In animal parasitic nematodes a family of glycosylated proteins called mucins is a component of the cuticle''s surface coat and these proteins are thought to be important in the evasion of the immune response. Mucins are a family of proteins of high molecular weight with greater than 50 percent of their mass being made up of glycans. They are rich in the amino acids proline, serine and threonine and can either be secreted or membrane bound. Eleven mucin-like genes (H43E16.1, F59A6.3,
cpg-1,
let-653, F35E12.7,
cwp-4, K06A9.1, H02F09.3, C12D12.1, C26G2.2 and F16F9.2) were knocked down by RNAi and screened for changes to glycans present in the mouth, pharynx, grinder, surface coat, vulva and rectal regions using four different lectins (wheat germ agglutinin, WGA; Concanavalin A, Con A; Tetragonolobus purpurea agglutinin, TPA; Peanut agglutinin, PNA). Results showed different patterns of lectin binding to each of the structures scored and the binding was variable between replicated individuals. Generally, lectin binding was low across wild type worms with the exception of TPA which appeared to have a higher level of recognition to the cuticle and rectum. The lectins WGA, Con A and TPA bound to the vulva of wild type worms more successfully than PNA. Knocking down mucin-like genes with RNAi affected lectin binding patterns and the effects differed between the different structures scored.
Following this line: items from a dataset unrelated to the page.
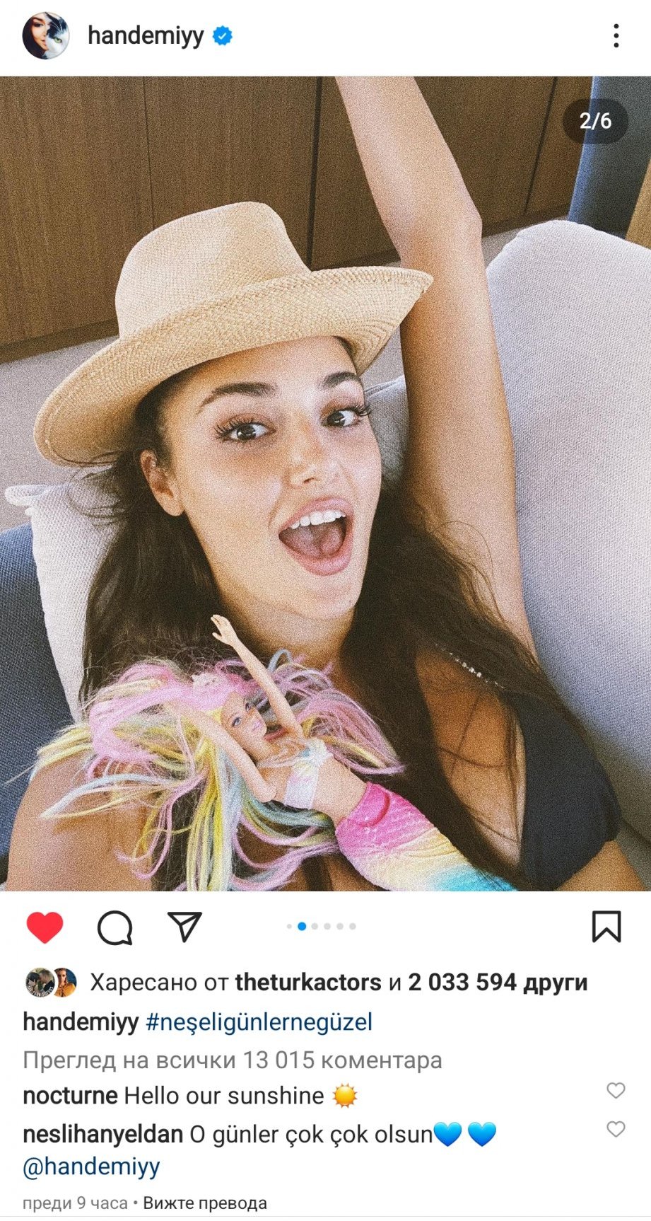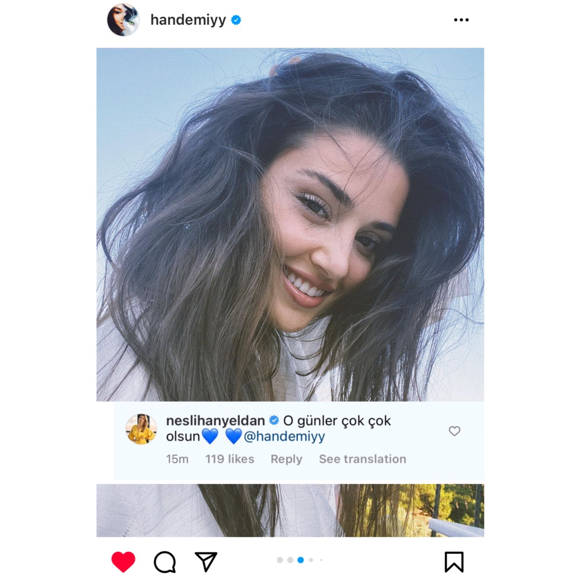 Неслихан Айдан не е останала безучастна. Лайкнала е и двамата. Под снимката на Ханде е написала: "Нека тези дни са много".
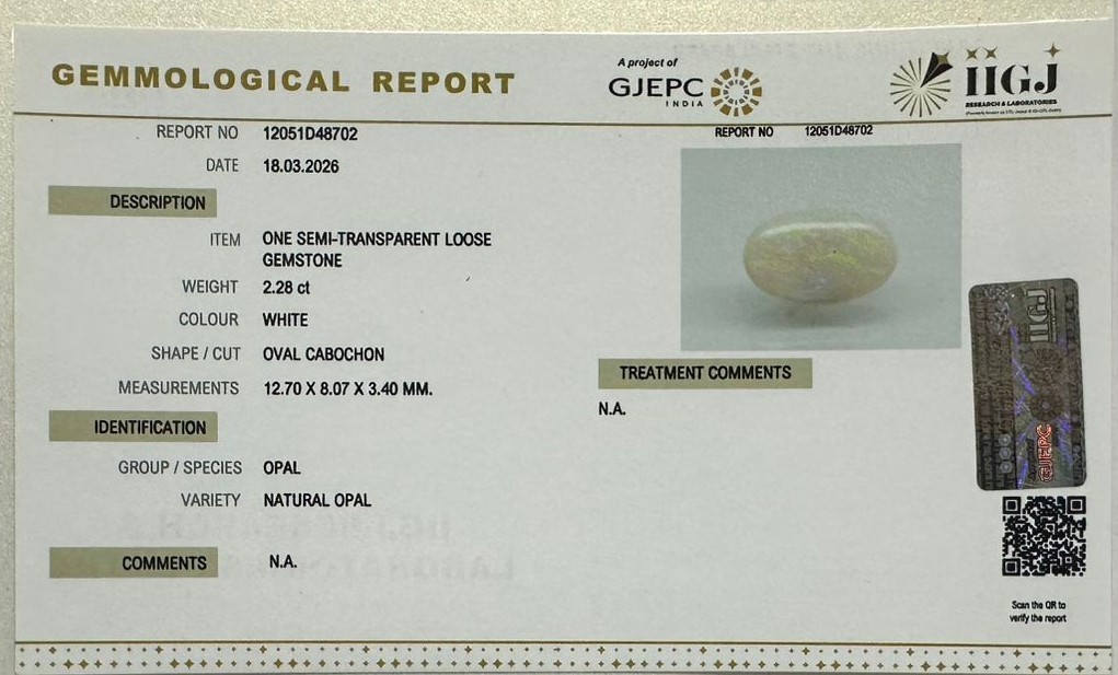 Beautiful 2.28 Cts Natural Opal (Top-Mines) sva 2+ Ratti OPAL. Free Horoscope & Free Pundit Ji Astrological Advise / Consultation. Original Natural Lab certified gems by IGI GTL / Birth stones / Large Gem Selection of shree shubh Rashi Ratan Vedic dhan at Gem Mines. May Bhagwan Brahma, Vishnu, Shiv & Universe bless you.
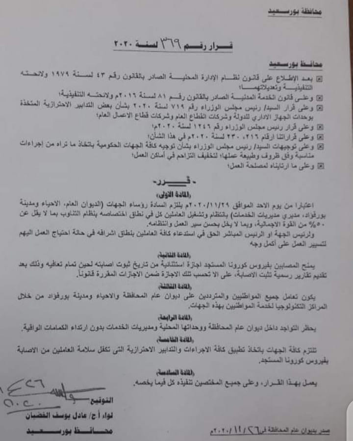 وشدد محافظ بورسعيد في قراره على أن يكون تعامل جميع الموظفين والمترددين على الديوان العام والأحياء ومدينة بورفؤاد من خلال المراكز التكنولوجية لخدمة المواطنين بهذه الجهات، مع حظر التواجد دون ارتداء الكمامات الواقية.
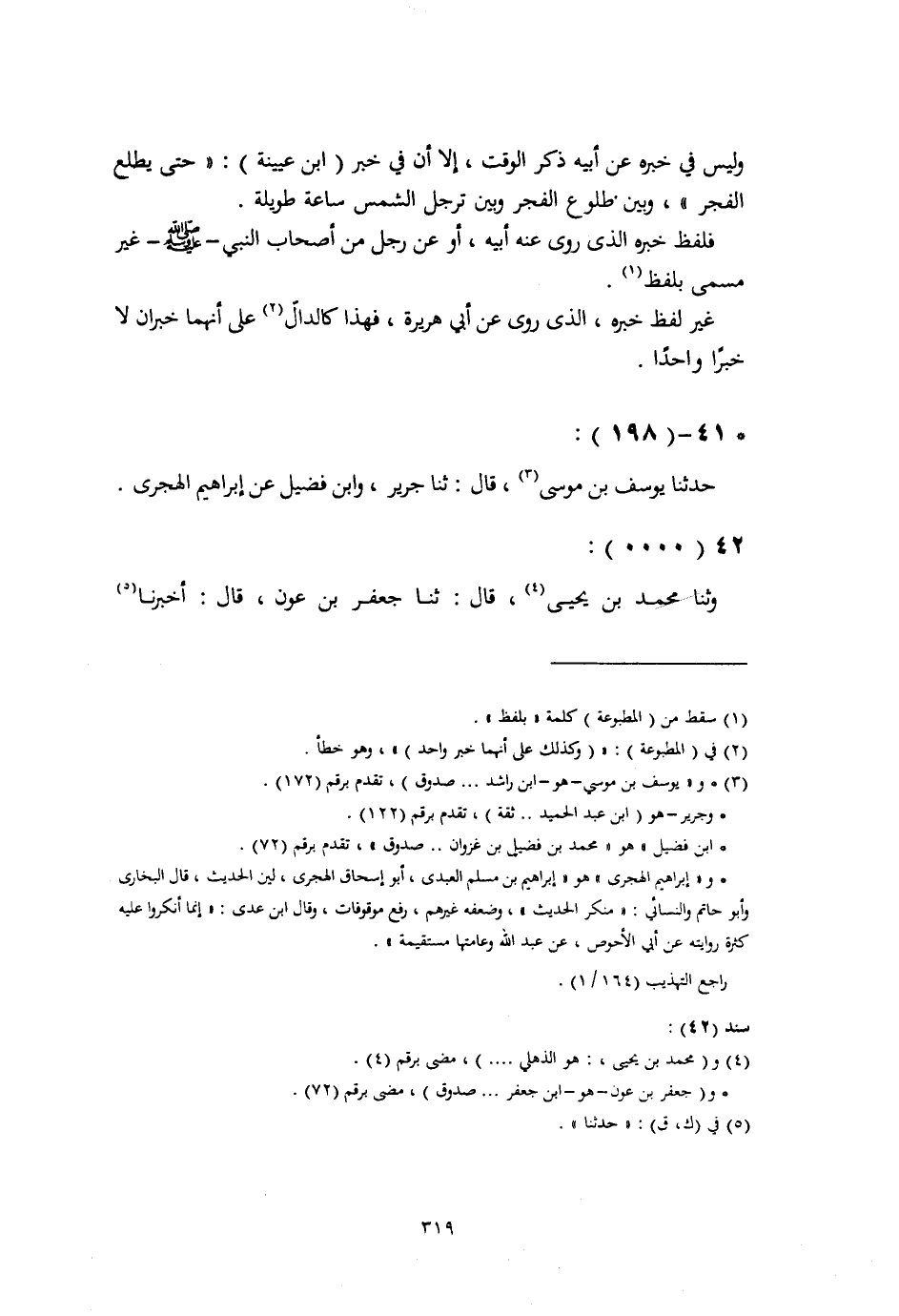 41 - حَدَّثَنَا يُوسُفُ بْنُ مُوسَى، قَالَ: ثنا جَرِيرٌ، وَابْنُ فُضَيْلٍ، عَنْ إِبْرَاهِيمَ الْهَجَرِيِّ،

For example, knocking down H43E16.1, F59A6.3, C26G2.2 and F16F9.2 increased the binding of PNA to the grinder but whereas H43E16.1, F59A6.3 also showed increasing binding of PNA to the cuticle, C26G2.2 and F16F9.2 were no different from wild type worms. Conversely, knock-downs of F35E12.7,
cwp-4, K06A9.1, H02F09.3, which increased the binding of PNA to the cuticle showed binding similar to wild type worms in the grinder, whereas, C26G2.2 and F16F9.2, which had increased binding to the grinder, were no different from wild type worms. The cuticle forms an important barrier between a nematode and its environment and reducing mucin-like proteins appears to affect the surface coat of Caenorhabditis elegans in complex ways.